According to Reuters (citing a repot in Valor Economico, a leading financial newspaper in Brazil), the deal values 99 at $1 billion. Didi already had a minority stake in the startup, having invested $100 million over a year ago.
“Globalisation is a top strategic priority for Didi,” Cheng Wei, founder and CEO of Didi, said in a statement. “With enhanced investments in AI capabilities and smart transportation solutions, we will continue to advance the transformation of global transportation and automotive industries through diversified international operations and partnerships.”

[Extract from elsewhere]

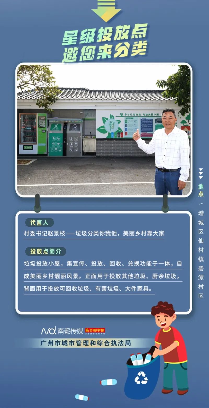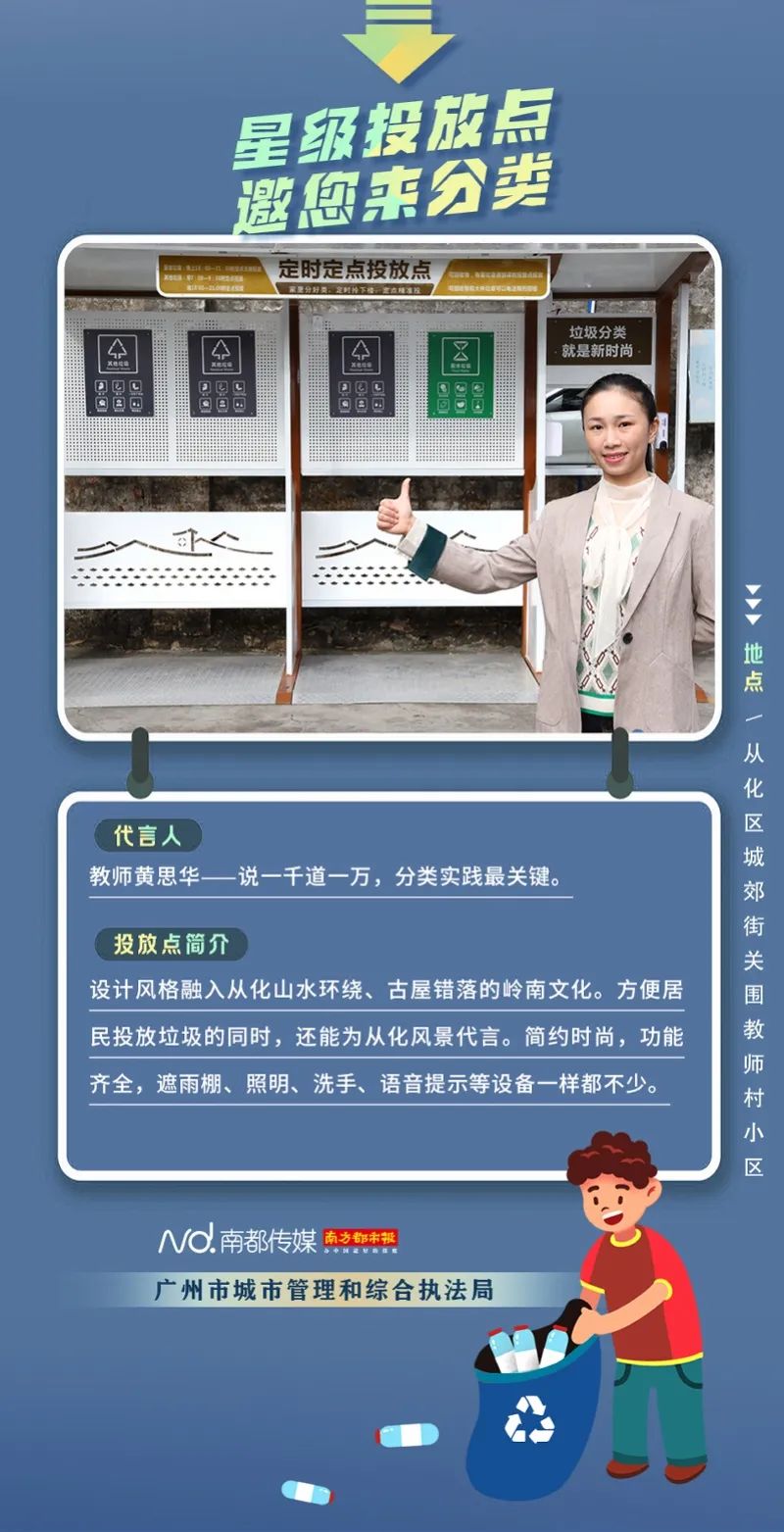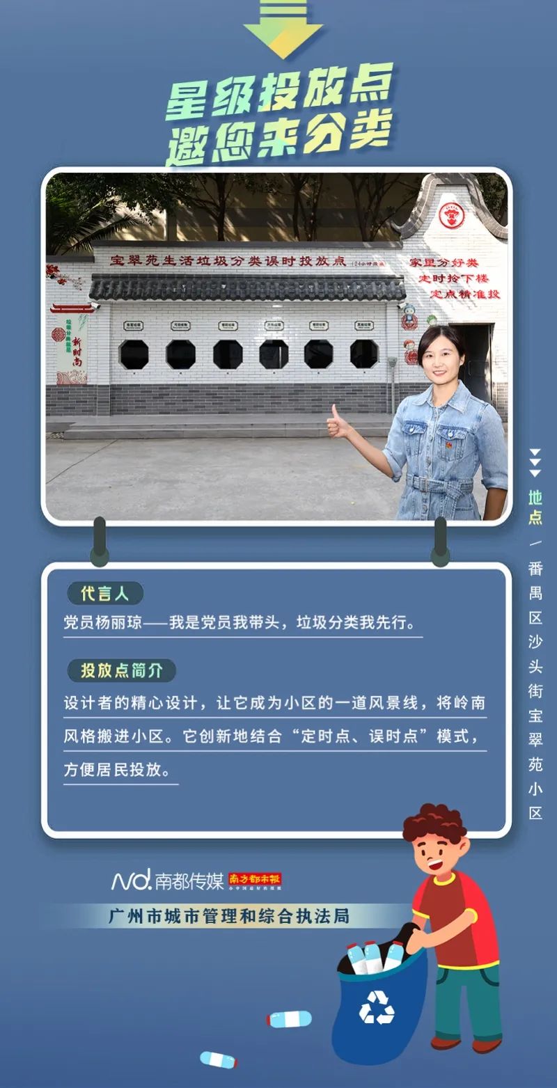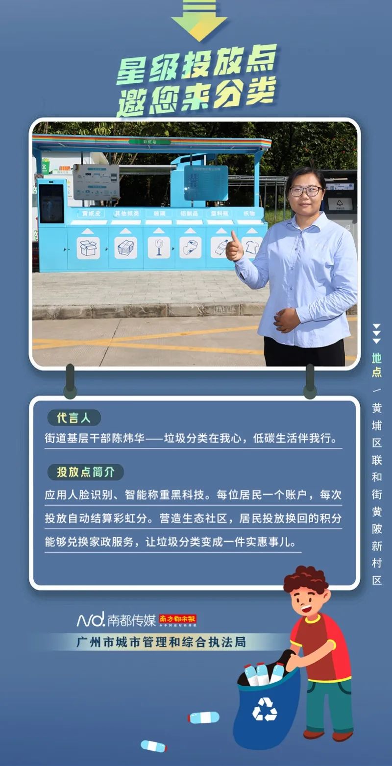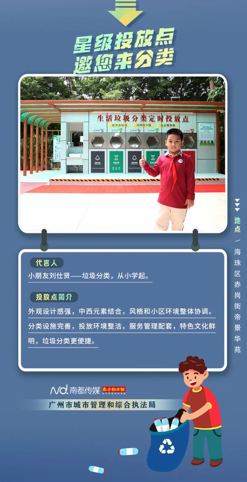 廣州市城市管理和綜合執(zhí)法局聯(lián)合南方都市報(bào)聯(lián)合推出“星級(jí)投放點(diǎn) 邀您來分類”系列海報(bào),從廣州全市11個(gè)行政區(qū)遴選出“星級(jí)投放點(diǎn)”,并邀請(qǐng)來自各行各業(yè)的11位廣州街坊為廣州垃圾分類代言。

The news follows the announcement that Didi plans to expand into Mexico in 2018, intensifying its global rivalry with Uber. Softbank recently succeeded in its bid to acquire a large chunk of Uber at the discounted valuation of $48 billion, which most likely positions Didi (estimated value $56 billion) as the world’s most valuable startup.
Didi has had a very interesting couple years, to say the least. The company first crossed many peoples’ radars when Apple announced it had invested an eye-popping $1 billion in the ride-hail service. At the time, Didi was locked in an intense competition with Uber for China’s rapidly growing ride-hail market.

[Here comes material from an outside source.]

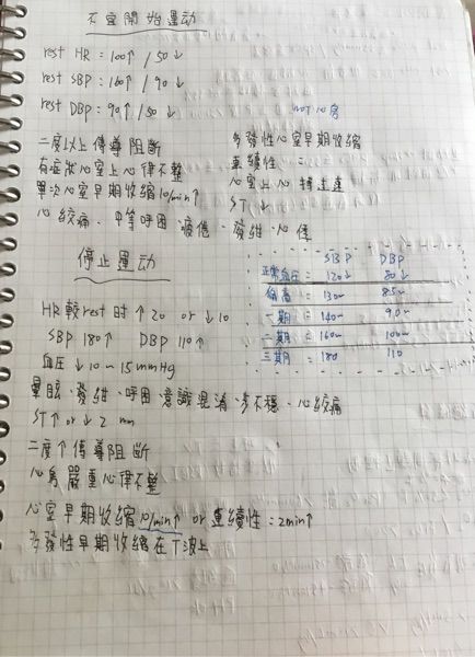 SBP不超出220-240。運動時,收縮壓本身就不能往下掉,往下掉表示心室功能不良(不能耐受運動)
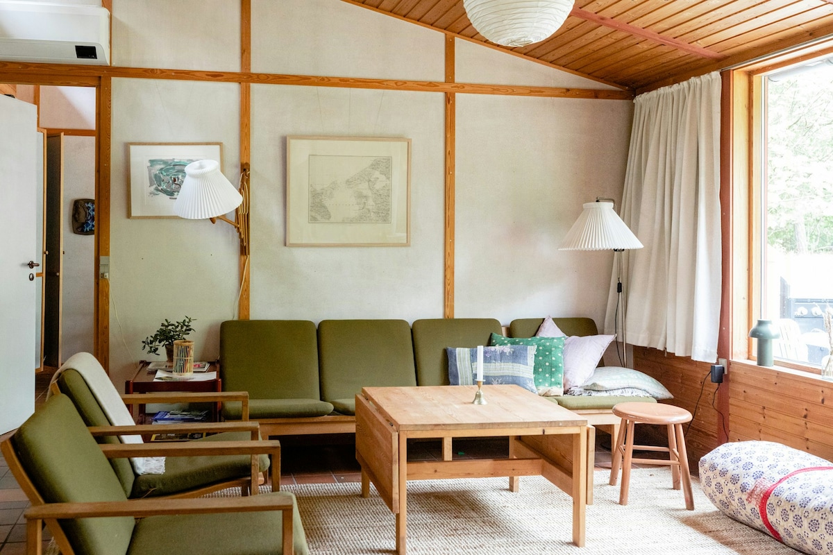 ¡Acogedora y tranquila casa de campo situada en el centro de Kulhuse con encanto, alma y baño en la naturaleza! La casa tiene una sala de estar y cocina-comedor en uno, baño y 2 habitaciones con una cama doble (una también con una cama para niños). Sala de estar con sofá cama. La casa es apta para niños, con juguetes en la casa y el jardín. En el jardín, hay una terraza, fogata, baño silvestre, horno de pizza, hamaca, casa de juegos y columpios. No hay ruido de la carretera. A 5 minutos a pie de las tiendas, a 10 minutos a pie de la playa y en coche del bosque. Nota: uso limitado de natación en aguas abiertas debido a fugas en el otoño de 2025

Eventually, the battle grew too costly for Uber, which was reportedly spending $1 billion a year in China. In August 2016, then-Uber CEO Travis Kalanick announced his plan to sell his Chinese business to Uber for a 17.7 percent stake in Didi and a seat on the company’s board. In exchange, Didi invested $1 billion in Uber.
Didi has also invested in many of Uber’s rivals, including Lyft, India’s Ola, Singapore-headquartered Grab, Estonia’s Taxify, and Careem in the Middle East. Now, with its purchasing of a controlling stake in 99, it has moved into a new, more intensive game: mergers and acquisitions.